If working in your undies simply isn’t cutting it, perhaps it’s time to re-situate. So, put on some pants, pack up your various chargers, and head on over to any one of these telecommuter-approved venues–none of which are Starbucks and all of which are free.

Toronto Reference Library. Coffee shops seem to be something of a go-to impromptu workspace for students and telecommuters, but if you’re not in the mood to dole out the high cost of a Toronto cuppa in return for Wi-Fi, you can leech for free at the Toronto Reference Library, which occupies 416,000 square feet of prime real estate at Toronto’s Yonge and Bloor. And while free wireless internet access is available at all library branches, there’s no library quite like Toronto Reference Library, which was extensively revitalized by Moriyama & Teshima Architects to include study pods and The Writers’ Room, amongst other impressive features.

Toronto Music Garden. If patrons had to describe the Toronto Music Garden in one word, it would probably be “enchanted.” This commendation refers not only to the garden’s unique and poetic design (inspired by Bach’s First Suite for Unaccompanied Cello) but also to the free, classic performances hosted by the venue during the summer months. If you’re on the hunt for a peaceful oasis within the city, off-season at the Toronto Music Garden might be right up your alley.

Toronto City Hall Podium Green Roof. Located just steps away from bustling Nathan Phillips Square, Toronto City Hall might seem like an unlikely place to seek quite refuge, but not if you know the right places to look! The Toronto City Hall Podium Green Roof was opened to the public in 2010, boasting approximately 3,250 square meters of vegetation and plenty of furniture and shaded spots. In addition to servicing the public, the Green Roof incorporates a retention system for rainwater and provides much-needed habit for Toronto’s indigenous birds and insects.

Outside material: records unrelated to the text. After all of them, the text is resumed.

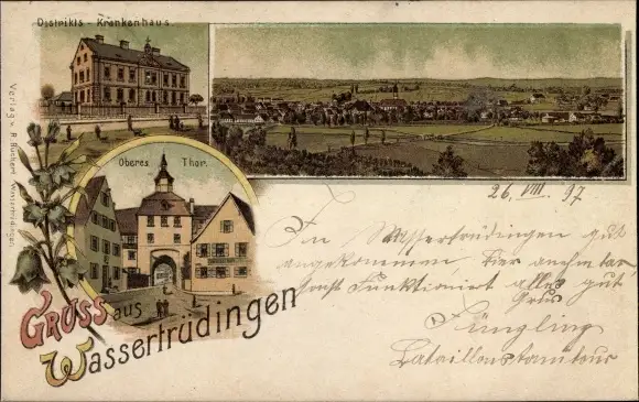 Litho Wassertrüdingen in Mittelfranken, Oberes Tor, Krankenhaus, Blick auf den Ort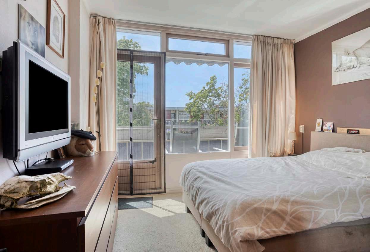 De grootste slaapkamer is ruim opgezet en geeft toegang tot het balkon aan de achterzijde van de woning. Hier kun je op een zonnige middag genieten van een boek of een kop koffie terwijl de zon rustig ondergaat. De tweede slaapkamer is perfect als werkplek, logeerkamer of voor extra opslag – precies wat je nodig hebt, afhankelijk van jouw situatie.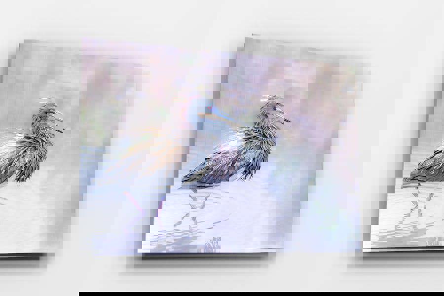 A Tri-colored Heron pauses mid-stride in a shallow Florida pond, its plumage flushed in soft lilacs, creams and steel blues that appear only during breeding season. Jackie Schletter captured the bird just as a gentle haze turned water and reeds into a muted wash, allowing the heron’s ruby eye and delicate feather fringing to take centre stage in this made to order wall print.

Aga Khan Park. The Aga Khan Museum offers an artistic, intellectual and scientific experience to its patrons, with this enticing feature to boot: the picturesque Aga Khan Park. Located between the Aga Khan Museum and the Ismaili Centre, the Aga Khan Park is open to the public daily from dawn to 10:00 p.m., between the months of April and October. Between November and March, the park welcomes guests from dawn to dusk. Visitors of the garden are privy to five reflecting pools carved from black granite, as well as a host of scenic greenery. If you manage to snag a museum-adjacent seat, the serenity is yours to soak up.